CLI Usage – Scrape Emails from a Single Webpage

The email scraper CLI makes it easy to extract emails from any webpage:

# Using HTTP requests (fast, for static pages)
npm run dev page https://example.com/contact

# Using headless browser (for JavaScript-rendered pages)
npm run dev page https://example.com/contact --browser

# After building, use the compiled version:
npm run scrape page https://example.com/contact

CLI Options for Single Page Scraping:

  • -t, --timeout <ms> - Request timeout in milliseconds (default: 10000)
  • -b, --browser - Use headless browser (Playwright/Puppeteer) instead of HTTP requests
  • --wait-until <event> - Wait until event: load, domcontentloaded, or networkidle (default: load, browser mode only)

CLI Usage – Scrape Emails from an Entire Website

Crawl and extract emails from multiple pages on a website:

# Using HTTP requests (default)
npm run dev website https://example.com

# Using headless browser
npm run dev website https://example.com --browser

# After building:
npm run scrape website https://example.com

CLI Options for Website Crawling:

  • -d, --max-depth <number> - Maximum crawl depth (default: 3)
  • -p, --max-pages <number> - Maximum number of pages to crawl (default: 50)
  • --cross-domain - Allow crawling to different domains (default: false)
  • -b, --browser - Use headless browser (Playwright/Puppeteer) instead of HTTP requests
  • --wait-until <event> - Wait until event: load, domcontentloaded, or networkidle (default: load, browser mode only)

Library Usage

Import and use the email scraper in your own TypeScript/JavaScript projects:

Basic HTTP Email Scraping

Extract emails from a webpage using simple HTTP requests:

import { scrapeEmailsFromUrl } from 'email-scraper';

const emails = await scrapeEmailsFromUrl('https://example.com/contact');
console.log(Array.from(emails));
// Output: ['contact@example.com', 'info@example.com']

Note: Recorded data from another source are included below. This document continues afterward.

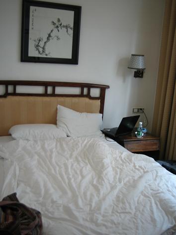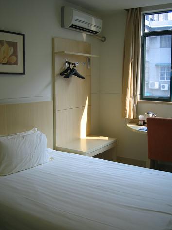 広州Liwan地区にあるビジネスホテル風なホテルチェーン、Jinjiang Inn。シングルは169元(約2500円)だった。オンライン&リピーター割引などもあるらしい。外見もきれいならば中もとってもきれいで、まだ新築なのだろうか。部屋はシンプルだけどモダンで、日本のビジネスホテル並みの設備。TV、お茶セット、蚊取り線香などがある。しかもベッドはダブルでとってもきれい。無料ブロードバンドももちろんついていた。バスタブはないけどきれいで機能的なバスルーム。
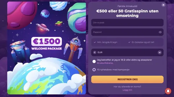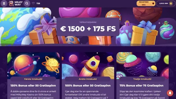 Vi holder MilkyWay-tilbud enkle Ä vurdere fÞr du velger Ä bli med, med nÞkkelvilkÄr synlig i bonusomrÄdet. For Norge kombinerer velkomstpakken innskuddsbonuser med gratisspinn, i tillegg til et lite gratisspinn-tilbud for nye kontoer. NÞyaktig kvalifisering avhenger av kontostatusen din og eventuelle verifiseringskontroller.
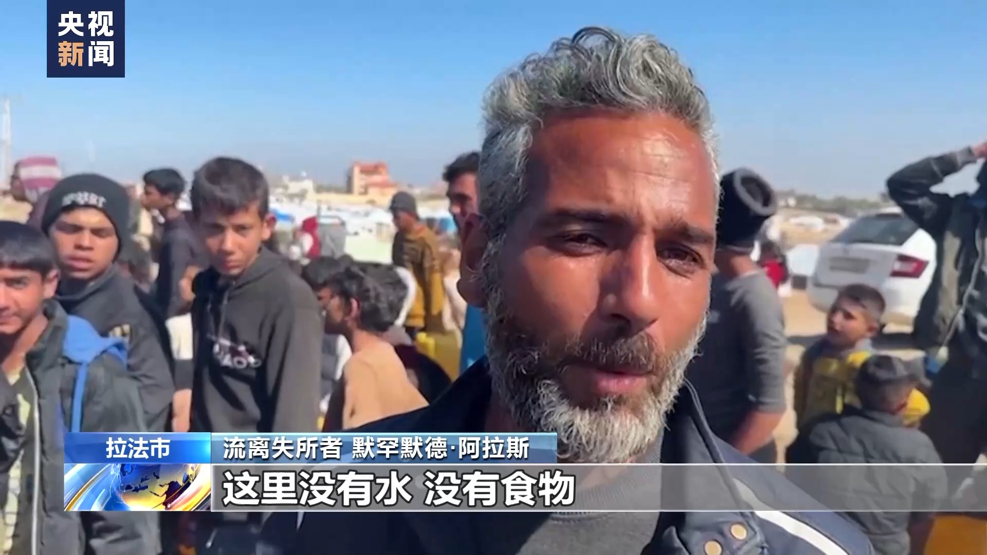 流离失所者默罕默德·阿拉斯:正如你所看到的,这已经演变成一场针对巴勒斯坦人的饥饿之战,这里没有水,没有食物,什么都没有。每天我们都在遭受苦难,这一切只是为了能够收集到水。为了多打一些水,我和儿子很早就来了,我已经在这里等了一个小时,周围这些人都在等待打水,但并不是所有人都能打到水,大概有一半人会没有水,每天都是这样。
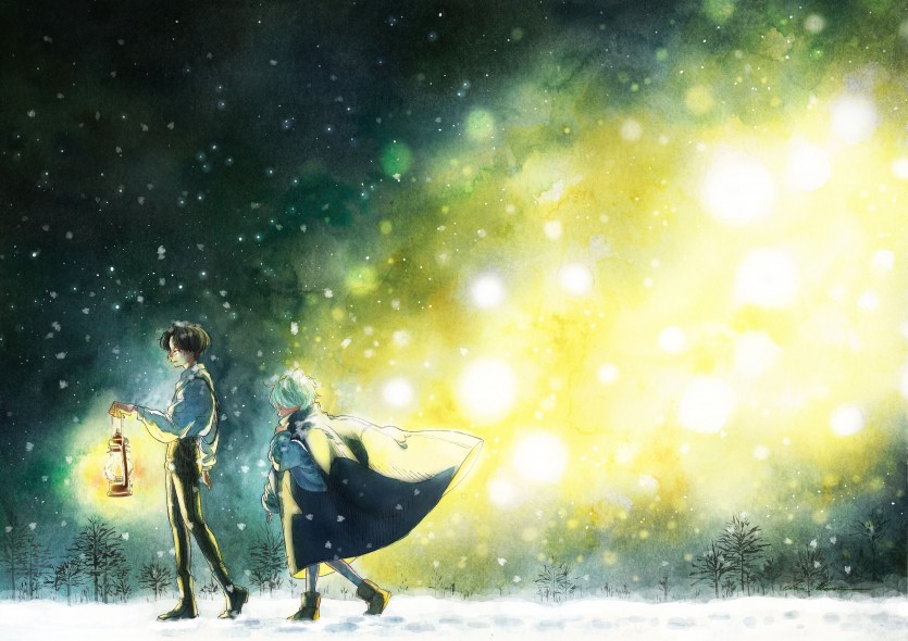 ‘이정표’는 어두운 눈밭 위를 단 하나의 호롱불에 의지해 걸어가는 두 아이의 여정을 그린 작품입니다. 앞장서는 아이는 호롱불을 들고 있고, 뒤따르는 아이는 그 빛을 따라가지만 정작 자신도 어둠 속에서 빛나고 있다는 것을 알지 못합니다.
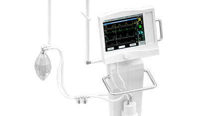 The machine pumps oxygen into the lungs and removes carbon dioxide through a tube.
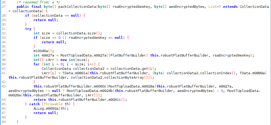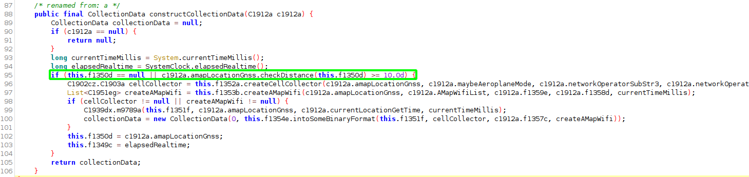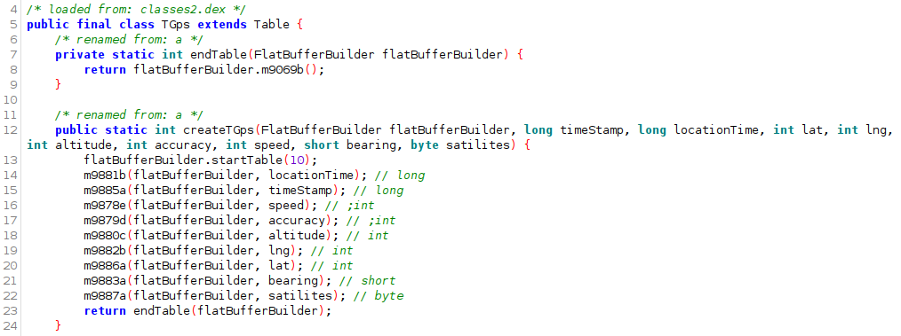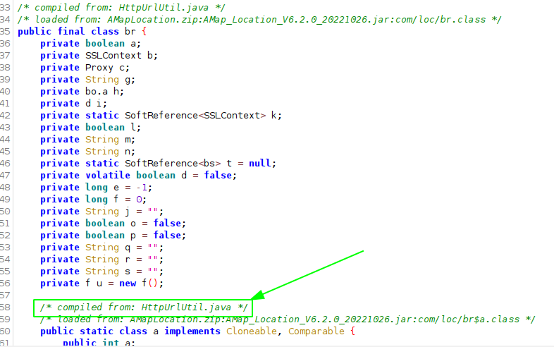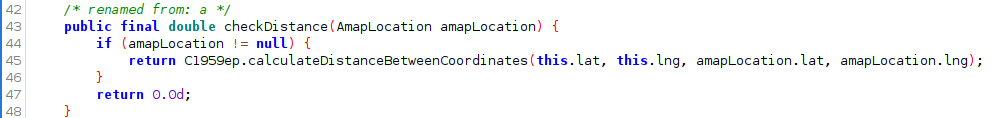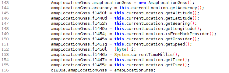 AMap have performed some light obsfucation by removing all variables and method names from the Java library. Fortunately class names are recoverable, JADX’s ‘deobsfucation’ feature does the trick. Recovering the original class names gives us huge leverage to understand the primary functionality of each class and significantly reduces the time and effort to reconstruct parts of the decompilation by manually renaming variables and method names.

Email Scraping with Playwright

For JavaScript-rendered pages, use Playwright with the email scraper:

import { chromium } from 'playwright';
import { scrapeEmailsFromPage } from 'email-scraper';

const browser = await chromium.launch();
const page = await browser.newPage();
const emails = await scrapeEmailsFromPage(page, 'https://example.com/contact');
await browser.close();

console.log(Array.from(emails));

Email Scraping with Puppeteer

Alternatively, use Puppeteer for browser automation:

import puppeteer from 'puppeteer';
import { scrapeEmailsFromPage } from 'email-scraper';

const browser = await puppeteer.launch();
const page = await browser.newPage();
const emails = await scrapeEmailsFromPage(page, 'https://example.com/contact');
await browser.close();

Crawling an Entire Website for Emails

Use the website crawler to extract emails from multiple pages:

import { scrapeEmailsFromWebsite } from 'email-scraper';

const emails = await scrapeEmailsFromWebsite('https://example.com', {
  maxDepth: 3,
  maxPages: 50,
  sameDomainOnly: true,
  useBrowser: false, // Set to true to use a browser
  browser: browserInstance, // Optional: pass browser instance
});

console.log(`Found ${emails.size} unique emails`);

Using the EmailScraper Class

For a more object-oriented approach, use the EmailScraper class:

import { EmailScraper } from 'email-scraper';
import { chromium } from 'playwright';

// With browser
const browser = await chromium.launch();
const scraper = new EmailScraper(browser);
const emails = await scraper.scrapeFromWebsite('https://example.com');
await browser.close();

// Without browser (HTTP only)
const scraper = new EmailScraper();
const emails = await scraper.scrapeFromUrl('https://example.com/contact');

Note: After building (npm run build), you can import from ./dist/index instead of ./src/index when using the library locally.

API Reference

Functions

  • scrapeEmailsFromUrl(url: string, options?: HttpScraperOptions): Promise<Set<string>>

    • Scrapes emails from a single webpage using HTTP requests
    • Returns a Set of unique email addresses
  • scrapeEmailsFromPage(page: Page, url: string, options?: WebpageScraperOptions): Promise<Set<string>>

    • Scrapes emails from a webpage using a browser page instance
    • Works with Playwright or Puppeteer page objects
  • scrapeEmailsFromWebsite(url: string, options?: WebsiteCrawlerOptions): Promise<Set<string>>

    • Crawls an entire website and extracts emails from all visited pages
    • Supports configurable depth, page limits, and domain restrictions
  • extractEmails(text: string): Set<string>

    • Extracts email addresses from plain text using regex patterns
  • normalizeEmail(email: string): string

    • Normalizes email addresses to a standard format

Classes

  • EmailScraper - Main scraper class with convenience methods for both HTTP and browser-based scraping

Frequently Asked Questions (FAQ)

Q: How do I scrape emails from websites?

A: You can use the email scraper CLI or library. For a single page, use npm run dev page <url>. For an entire website, use npm run dev website <url>. The tool automatically extracts email addresses from HTML content and text.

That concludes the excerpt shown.